Lists: pgsql-hackers
From: Tom Lane <tgl(at)sss(dot)pgh(dot)pa(dot)us>
To: pgsql-hackers(at)postgreSQL(dot)org
Subject: We need to rethink relation cache entry rebuild
Date: 2010-01-09 01:01:35
Message-ID: 24663.1262998895@sss.pgh.pa.us
Views: Raw Message | Whole Thread | Download mbox | Resend email
Lists: pgsql-hackers

I mentioned earlier that buildfarm member jaguar (that's the one that
builds with CLOBBER_CACHE_ALWAYS) was showing suspicious intermittent
failures. There's another one today:
http://buildfarm.postgresql.org/cgi-bin/show_log.pl?nm=jaguar&dt=2010-01-08%2004:00:02
and I also managed to reproduce a similar problem locally after running
the parallel regression tests with CLOBBER_CACHE_ALWAYS for about a day.
I'm not entirely sure yet that I understand everything that is going
wrong, but there is one thing that is real clear: honoring a SIGINT or
SIGTERM during relcache rebuild leads to Assert failure or worse.
The stack trace at the bottom of the above-mentioned page shows the
problem pretty clearly. What appears to have happened is that a DROP
DATABASE was issued, causing a cancel to be sent to an autovac worker in
that database, and the worker happened to be in the middle of a relcache
entry rebuild when it accepted the signal. (CLOBBER_CACHE_ALWAYS makes
this hugely more probable, but it could happen in ordinary builds too.)
The problem is that the relcache entry being rebuilt is referenced, so
it has a positive reference count that is tracked in a ResourceOwner
... but the refcount field has been temporarily zeroed while
RelationBuildDesc runs, so when transaction abort tries to release the
refcount we hit that Assert in RelationDecrementReferenceCount.

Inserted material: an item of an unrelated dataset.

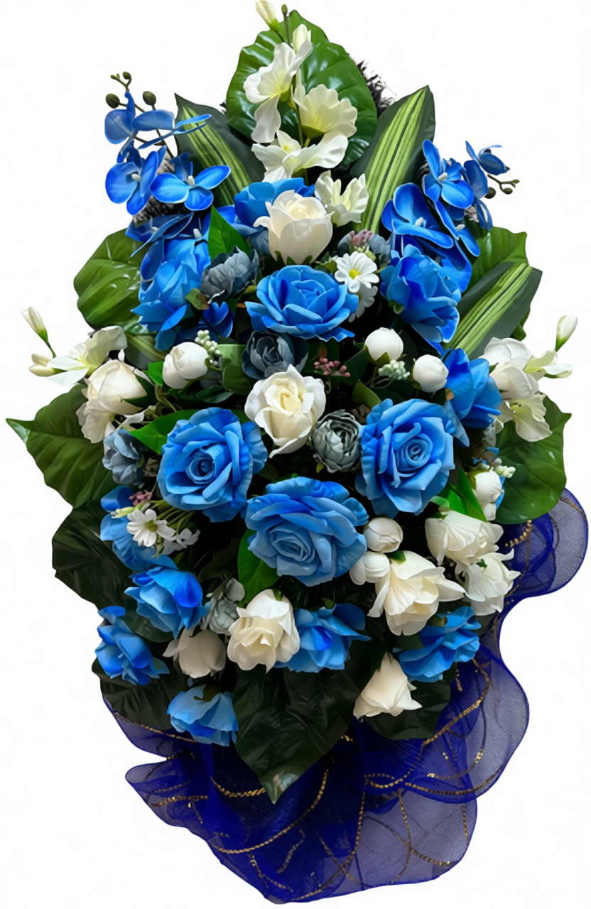 Ритуальный венок элитный №27, высотой 140 см, выполнен в необычной и выразительной синей гамме. В композиции использованы синие розы, ирисы и белые герберы, что создаёт яркий контраст и привлекает внимание. Центральная часть украшена крупными синими цветами, окружёнными зеленью, а по периметру расположены белые цветы, которые придают венку завершённый и гармоничный вид. Оранжевые акценты по краям венка добавляют композиции дополнительную глубину и выразительность.

In a non-Assert build you wouldn't notice an immediate problem, but that
doesn't mean things are okay in the field. The problem can be stated
more generally as: relcache rebuild temporarily messes up a relcache
entry that other places have got pointers to. If an error occurs during
rebuild, those other places might still try to use their pointers,
expecting to reference a valid relcache entry. I think this could
happen for example if the error occurred inside a subtransaction, and
we trapped the exception and allowed the outer transaction to resume.
Code in the outer transaction would naturally still expect its pointer
to a valid, reference-count-incremented relcache entry to be good.

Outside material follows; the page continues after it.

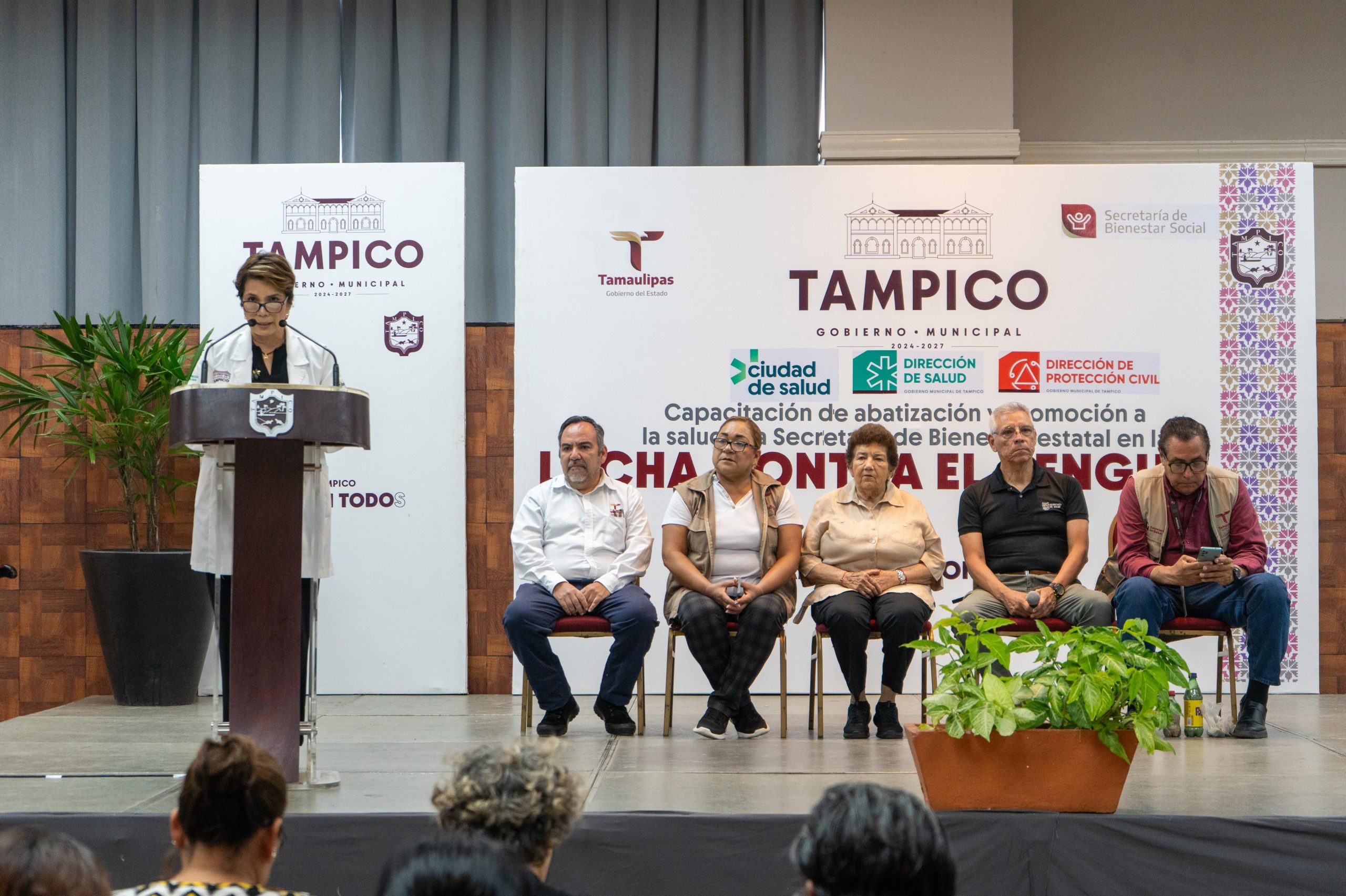 Por indicaciones del secretario de Salud, Vicente Joel Hernández Navarro, y en el marco de la coordinación con la alcaldesa Mónica Villarreal Anaya, en la Casa de la Cultura del puerto de Tampico se realizaron las actividades de capacitación y actualización para el control de esta enfermedad, abatización, eliminación de criaderos y descacharrización.

RelationClearRelation does take the step of de-linking the entry it's
going to rebuild from the hash table. When that code was designed,
before resource owners or subtransactions, I think it was actually
safe --- an error could result in a leaked entry in CacheMemoryContext,
but there could not be any live pointers to the partially-rebuilt entry
after we did transaction abort cleanup. Now, however, it's entirely
not safe, and it's only the rather low probability of failure that
has prevented us from spotting the problem before.

Basically I think we have to fix this by ensuring that an error escape
can't occur while a relcache entry is in a partially rebuilt state.
What I have in mind is to rewrite RelationClearRelation so that it
does a rebuild this way:

1. Build a new relcache entry from scratch. This entry won't be linked
from anywhere. A failure here results in no worse than some leaked
memory.

2. Swap the contents of the old and new relcache entries. Do this in
straight-line code that has no possibility of CHECK_FOR_INTERRUPTS.
But don't swap the refcount fields, nor certain infrastructure pointers
that we try to preserve intact if possible --- for example, don't swap
the tupledesc pointers if the old and new tupledescs are equal.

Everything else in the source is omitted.